The meaning of the name Yom Kippur

The meaning of the name Yom Kippur:

What is the essence of Yom Kippur, its inner meaning and purpose? A name reveals the essence of an item. Yom Kippur is the day we receive atonement from Hashem for our sins. It however remains to be understood why one receives this atonement specifically on Yom Kippur? Isn’t atonement achieved through Teshuvah [repentance] which is a Mitzvah to perform any time of the year in the event of sin? What distinguishes Yom Kippur from the regular performance of Teshuvah during the year? One could possibly answer that although Hashem always accepts Teshuvah, Yom Kippur is the only day of the year specially designated just for Teshuvah. However, if this were the case, then the Holiday should be called Yom Teshuvah rather than Yom Kippur. From the fact it is called Yom Kippur, it is implied that there’s a special atonement which only occurs on Yom Kippur which even surpasses the atonement derived through Teshuvah.

Is Teshuvah required on Yom Kippur in order to receive atonement?[1]

The Gemara in Shavuos[2] brings an argument between Reb Yehuda and Chochamim. Rebbe Yehuda holds that the essence of the day of Yom Kippur atones for a person’s sins even without him doing Teshuvah. The Chochamim hold one must do Teshuvah in order to merit receiving the day’s atonement. The final ruling in Halacha sides with the Chochamim.[3] According to both opinions however, it is the day of Yom Kippur itself which atones, the argument is only with regards to if one must do Teshuvah on this day to merit its atonement.[4] What is the meaning of this? How can a day atone? How can one receive atonement without doing Teshuvah?

The essence of a Jews soul is free from sin-Teshuvah reveals the essences:[5]

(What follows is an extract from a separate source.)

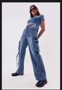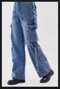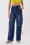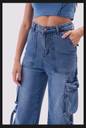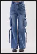 These stylish denim cargo pants feature a relaxed fit and are crafted from high-quality, durable denim fabric. The design includes multiple utility pockets with secure flap closures, adding both functionality and a trendy aesthetic. The wide-leg silhouette pairs well with the rugged look, while the adjustable side straps provide an edgy, contemporary touch. Perfect for casual outings or streetwear ensembles, these pants are versatile enough to combine comfort with a bold statement. Pair them with boots or sneakers for a complete look.

The Chassidic teachings explain that the Jewish soul is an actual part of G-d above which contains five levels. The lowest level relates to action, the second to emotion, the third to intellect, the fourth to will, and the fifth is the essence of the soul. The first four levels, being that they are not the essence, have a weaker unity with its source, which is Hashem. In order to be fully united with Hashem, they require fulfilling the will of Hashem, which are the Mitzvos found in the Torah. Due to this, these four levels become affected by sin, becoming blemished and stained through sin, making it cause a separation in its unity with Hashem. However, the essence of the soul is absolutely one with G-d Himself, even without fulfillment of the laws of the Torah, and just as one cannot affect or blemish G-d through sin, so too this part of the soul cannot be affected by sin. On Yom Kippur, it is this part of the soul that is revealed; the essence of a Jew which is one with Hashem and immune to all obstacles threatening separation from its source. This revelation thus cleanses the other aspects of the soul, removing from it all of its blemishes caused by sin, and reuniting it with its source. However, as mentioned before, according to the final law, one is required to repent to merit this revelation. For this reason, the prayers of Yom Kippur are filled with confessions, as this is a part of Teshuvah. According to the above, Yom Kippur doesn’t mean “The day of atonement” but rather “The day is atonement,” as it is the day itself which atones.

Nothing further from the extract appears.